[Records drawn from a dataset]
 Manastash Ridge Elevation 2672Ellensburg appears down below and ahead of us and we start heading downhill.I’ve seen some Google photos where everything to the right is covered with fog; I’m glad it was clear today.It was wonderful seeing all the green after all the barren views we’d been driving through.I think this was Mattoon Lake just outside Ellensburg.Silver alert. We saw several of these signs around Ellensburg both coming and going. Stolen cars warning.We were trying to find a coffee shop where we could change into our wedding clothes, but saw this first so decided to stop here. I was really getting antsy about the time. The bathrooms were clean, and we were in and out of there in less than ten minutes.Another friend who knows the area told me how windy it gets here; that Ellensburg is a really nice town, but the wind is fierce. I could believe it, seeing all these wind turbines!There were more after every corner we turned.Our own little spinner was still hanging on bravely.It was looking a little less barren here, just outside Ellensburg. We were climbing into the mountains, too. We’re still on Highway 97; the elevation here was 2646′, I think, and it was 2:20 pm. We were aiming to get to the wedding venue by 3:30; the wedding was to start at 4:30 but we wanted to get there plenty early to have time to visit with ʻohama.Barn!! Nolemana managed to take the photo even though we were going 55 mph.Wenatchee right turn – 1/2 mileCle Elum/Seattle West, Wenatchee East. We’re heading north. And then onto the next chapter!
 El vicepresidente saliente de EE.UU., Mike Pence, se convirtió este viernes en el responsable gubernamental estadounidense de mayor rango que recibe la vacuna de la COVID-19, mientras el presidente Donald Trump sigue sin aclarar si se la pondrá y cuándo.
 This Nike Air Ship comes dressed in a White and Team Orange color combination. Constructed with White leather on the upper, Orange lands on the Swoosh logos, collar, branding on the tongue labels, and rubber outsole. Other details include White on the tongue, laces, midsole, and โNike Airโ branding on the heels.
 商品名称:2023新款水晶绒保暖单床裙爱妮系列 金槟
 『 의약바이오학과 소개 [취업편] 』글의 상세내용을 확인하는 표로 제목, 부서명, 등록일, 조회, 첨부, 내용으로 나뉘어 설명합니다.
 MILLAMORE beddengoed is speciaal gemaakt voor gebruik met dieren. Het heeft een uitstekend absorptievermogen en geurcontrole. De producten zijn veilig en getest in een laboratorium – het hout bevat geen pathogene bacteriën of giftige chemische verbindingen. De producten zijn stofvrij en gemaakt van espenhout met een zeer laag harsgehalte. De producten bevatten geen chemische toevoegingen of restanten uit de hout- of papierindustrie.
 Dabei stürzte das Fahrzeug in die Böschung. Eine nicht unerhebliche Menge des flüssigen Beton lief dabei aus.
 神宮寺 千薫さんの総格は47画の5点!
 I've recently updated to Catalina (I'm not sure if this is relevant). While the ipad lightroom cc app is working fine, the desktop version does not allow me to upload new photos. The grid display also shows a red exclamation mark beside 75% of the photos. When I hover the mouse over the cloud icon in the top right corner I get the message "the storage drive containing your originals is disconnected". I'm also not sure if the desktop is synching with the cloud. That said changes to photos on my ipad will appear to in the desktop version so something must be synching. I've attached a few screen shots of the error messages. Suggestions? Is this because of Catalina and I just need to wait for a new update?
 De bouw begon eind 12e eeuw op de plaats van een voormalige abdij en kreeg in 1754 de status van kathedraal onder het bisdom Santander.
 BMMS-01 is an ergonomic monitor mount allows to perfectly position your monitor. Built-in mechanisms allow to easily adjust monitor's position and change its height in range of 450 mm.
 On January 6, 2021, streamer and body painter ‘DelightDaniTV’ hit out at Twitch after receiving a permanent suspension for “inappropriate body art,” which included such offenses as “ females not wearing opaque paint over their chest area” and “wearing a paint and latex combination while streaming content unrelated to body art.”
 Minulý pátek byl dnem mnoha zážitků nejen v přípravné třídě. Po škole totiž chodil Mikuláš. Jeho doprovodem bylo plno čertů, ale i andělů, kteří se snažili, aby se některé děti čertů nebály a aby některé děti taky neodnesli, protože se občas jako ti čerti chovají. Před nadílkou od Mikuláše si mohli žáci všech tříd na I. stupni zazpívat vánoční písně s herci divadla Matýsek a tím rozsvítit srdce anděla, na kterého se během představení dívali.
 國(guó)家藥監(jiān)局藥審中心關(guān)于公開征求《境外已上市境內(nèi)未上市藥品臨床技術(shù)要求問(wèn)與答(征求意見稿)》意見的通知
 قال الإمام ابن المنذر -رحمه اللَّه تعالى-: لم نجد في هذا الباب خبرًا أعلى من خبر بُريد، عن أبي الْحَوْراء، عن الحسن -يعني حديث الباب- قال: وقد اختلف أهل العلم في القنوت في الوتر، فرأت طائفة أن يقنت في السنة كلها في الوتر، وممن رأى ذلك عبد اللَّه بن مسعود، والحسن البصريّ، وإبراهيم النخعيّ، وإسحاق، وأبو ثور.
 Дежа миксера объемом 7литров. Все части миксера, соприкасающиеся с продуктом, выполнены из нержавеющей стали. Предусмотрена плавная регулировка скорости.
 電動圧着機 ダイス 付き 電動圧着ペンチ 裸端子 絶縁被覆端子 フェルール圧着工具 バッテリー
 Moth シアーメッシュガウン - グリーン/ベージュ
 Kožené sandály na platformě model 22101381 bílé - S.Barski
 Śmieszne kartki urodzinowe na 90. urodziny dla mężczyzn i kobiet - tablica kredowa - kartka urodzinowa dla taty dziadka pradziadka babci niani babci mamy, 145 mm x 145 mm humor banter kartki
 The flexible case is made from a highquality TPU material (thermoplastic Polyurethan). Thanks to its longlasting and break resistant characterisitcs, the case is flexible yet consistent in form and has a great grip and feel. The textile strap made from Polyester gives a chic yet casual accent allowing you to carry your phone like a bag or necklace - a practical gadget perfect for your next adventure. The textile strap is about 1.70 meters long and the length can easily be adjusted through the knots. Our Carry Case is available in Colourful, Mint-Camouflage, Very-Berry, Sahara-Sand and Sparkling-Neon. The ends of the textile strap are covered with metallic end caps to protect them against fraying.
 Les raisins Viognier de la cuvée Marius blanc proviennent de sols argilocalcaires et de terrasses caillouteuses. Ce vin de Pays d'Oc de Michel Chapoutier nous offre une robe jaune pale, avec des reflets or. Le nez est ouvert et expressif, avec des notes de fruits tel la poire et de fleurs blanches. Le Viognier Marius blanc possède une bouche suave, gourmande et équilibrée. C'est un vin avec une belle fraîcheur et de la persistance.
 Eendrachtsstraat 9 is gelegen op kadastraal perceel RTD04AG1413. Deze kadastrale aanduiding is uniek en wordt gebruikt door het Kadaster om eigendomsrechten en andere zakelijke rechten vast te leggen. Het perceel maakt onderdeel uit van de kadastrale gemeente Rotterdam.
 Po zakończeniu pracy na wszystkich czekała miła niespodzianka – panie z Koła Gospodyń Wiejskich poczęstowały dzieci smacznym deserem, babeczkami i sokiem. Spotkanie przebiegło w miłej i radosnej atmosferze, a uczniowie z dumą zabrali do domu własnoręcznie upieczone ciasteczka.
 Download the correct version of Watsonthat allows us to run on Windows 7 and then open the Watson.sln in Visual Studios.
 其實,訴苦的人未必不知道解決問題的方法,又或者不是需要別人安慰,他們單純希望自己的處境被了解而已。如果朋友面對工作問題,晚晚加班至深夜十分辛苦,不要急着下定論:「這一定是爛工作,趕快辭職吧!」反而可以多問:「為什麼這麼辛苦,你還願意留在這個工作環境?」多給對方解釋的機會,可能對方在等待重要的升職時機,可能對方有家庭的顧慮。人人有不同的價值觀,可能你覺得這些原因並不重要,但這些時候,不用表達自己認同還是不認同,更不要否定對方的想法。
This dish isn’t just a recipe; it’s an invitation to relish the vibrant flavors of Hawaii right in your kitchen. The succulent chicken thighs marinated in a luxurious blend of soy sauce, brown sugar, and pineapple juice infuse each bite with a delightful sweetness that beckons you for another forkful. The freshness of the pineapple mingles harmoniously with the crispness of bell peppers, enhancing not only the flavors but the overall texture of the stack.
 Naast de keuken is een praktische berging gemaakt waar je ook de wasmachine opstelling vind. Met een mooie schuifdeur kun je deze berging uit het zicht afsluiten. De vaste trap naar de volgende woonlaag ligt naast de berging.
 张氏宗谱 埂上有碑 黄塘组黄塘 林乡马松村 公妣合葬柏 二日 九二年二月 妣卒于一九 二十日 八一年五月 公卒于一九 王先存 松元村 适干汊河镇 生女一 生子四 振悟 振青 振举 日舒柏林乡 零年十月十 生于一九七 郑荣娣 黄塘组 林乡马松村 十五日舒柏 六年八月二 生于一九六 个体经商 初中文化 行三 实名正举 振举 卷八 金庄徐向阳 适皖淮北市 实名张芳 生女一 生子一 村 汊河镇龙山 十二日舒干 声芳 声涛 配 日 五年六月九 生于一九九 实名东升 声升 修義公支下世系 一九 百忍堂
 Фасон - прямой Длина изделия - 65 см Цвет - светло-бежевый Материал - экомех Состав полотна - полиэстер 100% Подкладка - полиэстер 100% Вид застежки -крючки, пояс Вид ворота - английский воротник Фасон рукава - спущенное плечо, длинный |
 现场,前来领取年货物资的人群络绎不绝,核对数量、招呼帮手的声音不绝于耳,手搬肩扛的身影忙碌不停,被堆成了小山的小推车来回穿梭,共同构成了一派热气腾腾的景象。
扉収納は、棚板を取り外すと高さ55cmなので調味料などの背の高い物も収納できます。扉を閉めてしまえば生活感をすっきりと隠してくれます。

■ **Exercise prompt**: Looking at the entries above, can you reproduce exactly the lines from the one that holds "國(guó)家藥監(jiān" through the one that holds "Śmieszne kartki urodzinowe", and only those?

■ **Exercise response**:
 國(guó)家藥監(jiān)局藥審中心關(guān)于公開征求《境外已上市境內(nèi)未上市藥品臨床技術(shù)要求問(wèn)與答(征求意見稿)》意見的通知
 قال الإمام ابن المنذر -رحمه اللَّه تعالى-: لم نجد في هذا الباب خبرًا أعلى من خبر بُريد، عن أبي الْحَوْراء، عن الحسن -يعني حديث الباب- قال: وقد اختلف أهل العلم في القنوت في الوتر، فرأت طائفة أن يقنت في السنة كلها في الوتر، وممن رأى ذلك عبد اللَّه بن مسعود، والحسن البصريّ، وإبراهيم النخعيّ، وإسحاق، وأبو ثور.
 Дежа миксера объемом 7литров. Все части миксера, соприкасающиеся с продуктом, выполнены из нержавеющей стали. Предусмотрена плавная регулировка скорости.
 電動圧着機 ダイス 付き 電動圧着ペンチ 裸端子 絶縁被覆端子 フェルール圧着工具 バッテリー
 Moth シアーメッシュガウン - グリーン/ベージュ
 Kožené sandály na platformě model 22101381 bílé - S.Barski
 Śmieszne kartki urodzinowe na 90. urodziny dla mężczyzn i kobiet - tablica kredowa - kartka urodzinowa dla taty dziadka pradziadka babci niani babci mamy, 145 mm x 145 mm humor banter kartki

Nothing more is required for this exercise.